Exercise directions:
Output the listing below verbatim, without images.

___ Dataset excerpt ___

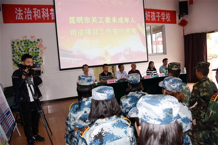 活動開始,趙主任首先就未成年人司法項目工作在預防青少年犯罪和青少年觸法權(quán)益維護工作中的重要性,以及政府在開展未成年人司法保護工作中的努力和成效,向大會作了精彩致辭。隨后,趙主任還對孩子們作了殷切勉勵:“這是我第四次來好孩子學校,雖然每一次來基本都是新面孔,但每一次來給我的印象都很深,很感動。我曾是一名軍人,孩子們現(xiàn)在端正的坐姿、整齊的鼓掌以及良好的精神面貌,都讓我無比的自豪和欣慰,你們都是好孩子,出去也會是一個好兵。希望孩子們珍惜好人生的經(jīng)歷,珍惜好在好孩子的這段時光,努力提升自己,樹立遠大目標,將來做一個德才兼?zhèn)涞娜!?br style="font-family: ;">    隨后,趙主任一行在我校魯植校長的陪同下,深入學校教學樓、宿舍樓等實地查看了校園環(huán)境,并在多媒體教室觀看了學校教學活動短片。其間,魯校長向趙主任詳細匯報了學校近期的各項教育教學工作開展情況。聽后,趙主任對我校的各項工作給予了高度肯定,尤其是夸贊學校法治宣傳教育開展得有聲有色,每年都有不一樣的新內(nèi)容呈現(xiàn)出來,無愧于“昆明市青少年法治教育基地”這個光榮稱號。
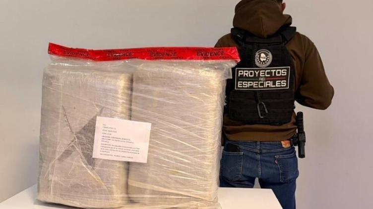 Durante la intervención, los agentes localizaron dos paquetes envueltos con fleje transparente, los cuales contenían una hierba verde y seca con características propias de la mariguana, que en conjunto arrojaron un peso de 19 kilogramos.
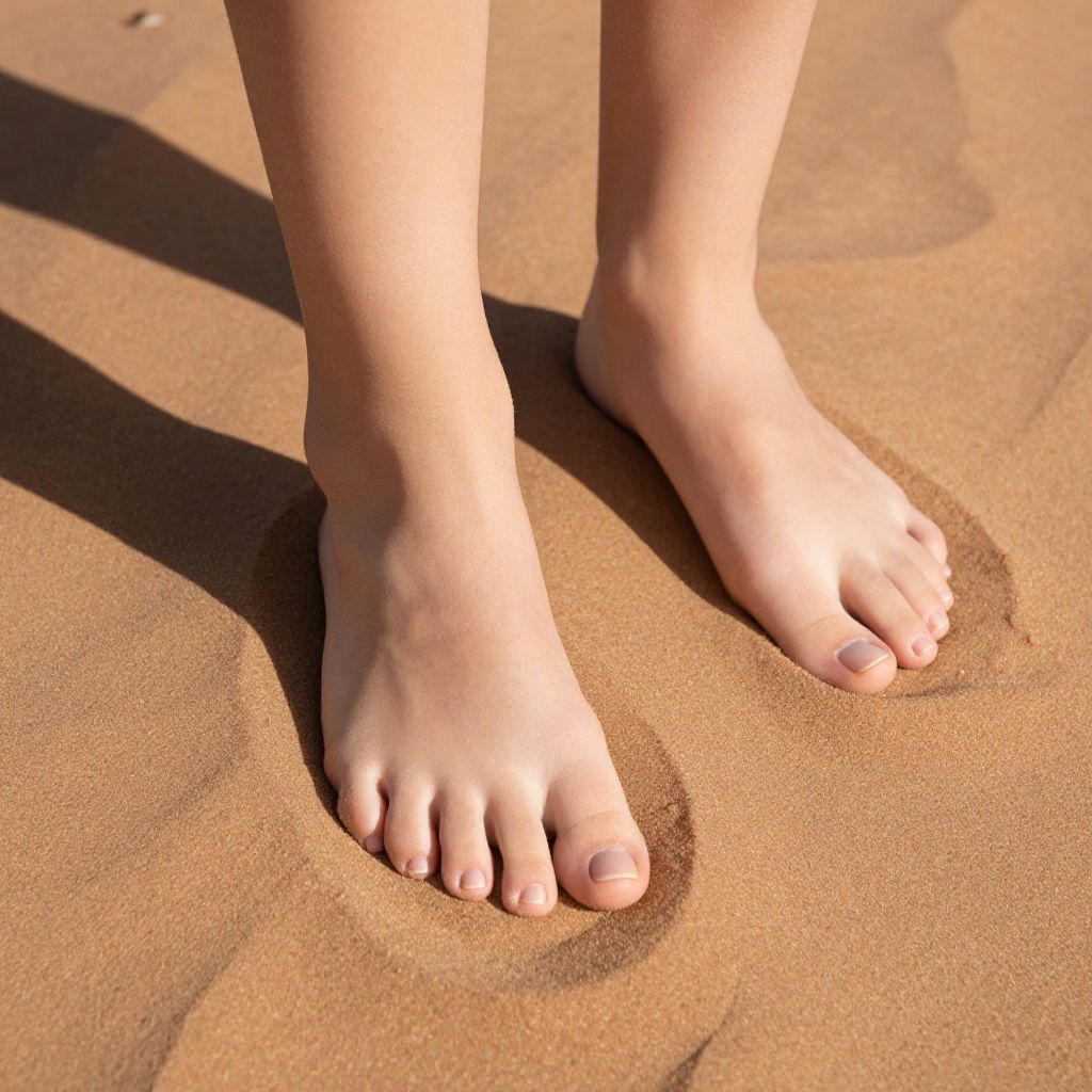 Photograph of a pair of light-skinned, bare feet standing on smooth, sunlit sand. The feet are slightly apart, with toes gently pressing into the fine, golden-brown sand. Shadows cast by the feet stretch to the left. The sand shows subtle, circular impressions around the feet. The image focuses on the texture of the sand and the smoothness of the skin, with bright sunlight highlighting the scene. No other objects or people are visible.

___

Written reply:
 活動開始,趙主任首先就未成年人司法項目工作在預防青少年犯罪和青少年觸法權(quán)益維護工作中的重要性,以及政府在開展未成年人司法保護工作中的努力和成效,向大會作了精彩致辭。隨后,趙主任還對孩子們作了殷切勉勵:“這是我第四次來好孩子學校,雖然每一次來基本都是新面孔,但每一次來給我的印象都很深,很感動。我曾是一名軍人,孩子們現(xiàn)在端正的坐姿、整齊的鼓掌以及良好的精神面貌,都讓我無比的自豪和欣慰,你們都是好孩子,出去也會是一個好兵。希望孩子們珍惜好人生的經(jīng)歷,珍惜好在好孩子的這段時光,努力提升自己,樹立遠大目標,將來做一個德才兼?zhèn)涞娜!?br style="font-family: ;">    隨后,趙主任一行在我校魯植校長的陪同下,深入學校教學樓、宿舍樓等實地查看了校園環(huán)境,并在多媒體教室觀看了學校教學活動短片。其間,魯校長向趙主任詳細匯報了學校近期的各項教育教學工作開展情況。聽后,趙主任對我校的各項工作給予了高度肯定,尤其是夸贊學校法治宣傳教育開展得有聲有色,每年都有不一樣的新內(nèi)容呈現(xiàn)出來,無愧于“昆明市青少年法治教育基地”這個光榮稱號。
 Durante la intervención, los agentes localizaron dos paquetes envueltos con fleje transparente, los cuales contenían una hierba verde y seca con características propias de la mariguana, que en conjunto arrojaron un peso de 19 kilogramos.
 Photograph of a pair of light-skinned, bare feet standing on smooth, sunlit sand. The feet are slightly apart, with toes gently pressing into the fine, golden-brown sand. Shadows cast by the feet stretch to the left. The sand shows subtle, circular impressions around the feet. The image focuses on the texture of the sand and the smoothness of the skin, with bright sunlight highlighting the scene. No other objects or people are visible.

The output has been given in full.